** SUPPLIED RECORDS **
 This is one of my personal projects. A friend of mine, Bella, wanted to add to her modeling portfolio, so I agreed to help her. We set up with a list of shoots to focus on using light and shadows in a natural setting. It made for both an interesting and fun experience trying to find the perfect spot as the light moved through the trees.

* * *

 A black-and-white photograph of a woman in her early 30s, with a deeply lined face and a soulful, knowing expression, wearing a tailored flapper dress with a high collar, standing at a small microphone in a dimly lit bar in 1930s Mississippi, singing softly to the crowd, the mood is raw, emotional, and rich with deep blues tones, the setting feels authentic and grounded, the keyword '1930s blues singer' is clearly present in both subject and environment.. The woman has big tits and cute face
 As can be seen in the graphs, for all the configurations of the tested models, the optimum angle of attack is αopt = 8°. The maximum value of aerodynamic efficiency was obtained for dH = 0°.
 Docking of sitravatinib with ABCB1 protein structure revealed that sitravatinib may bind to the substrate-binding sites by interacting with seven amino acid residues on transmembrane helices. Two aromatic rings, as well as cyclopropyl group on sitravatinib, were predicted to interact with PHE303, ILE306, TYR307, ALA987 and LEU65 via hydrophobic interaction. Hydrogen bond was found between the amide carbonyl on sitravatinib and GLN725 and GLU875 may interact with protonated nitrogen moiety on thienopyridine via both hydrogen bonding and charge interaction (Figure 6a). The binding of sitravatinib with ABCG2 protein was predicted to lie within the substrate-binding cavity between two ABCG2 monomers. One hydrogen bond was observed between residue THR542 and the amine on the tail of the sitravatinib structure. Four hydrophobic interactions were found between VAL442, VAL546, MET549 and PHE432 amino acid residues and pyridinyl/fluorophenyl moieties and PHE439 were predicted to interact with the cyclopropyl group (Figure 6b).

** EXERCISE PROMPT **
Please return every line of the material above that includes "setting".

** RESULT BELOW **
 This is one of my personal projects. A friend of mine, Bella, wanted to add to her modeling portfolio, so I agreed to help her. We set up with a list of shoots to focus on using light and shadows in a natural setting. It made for both an interesting and fun experience trying to find the perfect spot as the light moved through the trees.
 A black-and-white photograph of a woman in her early 30s, with a deeply lined face and a soulful, knowing expression, wearing a tailored flapper dress with a high collar, standing at a small microphone in a dimly lit bar in 1930s Mississippi, singing softly to the crowd, the mood is raw, emotional, and rich with deep blues tones, the setting feels authentic and grounded, the keyword '1930s blues singer' is clearly present in both subject and environment.. The woman has big tits and cute face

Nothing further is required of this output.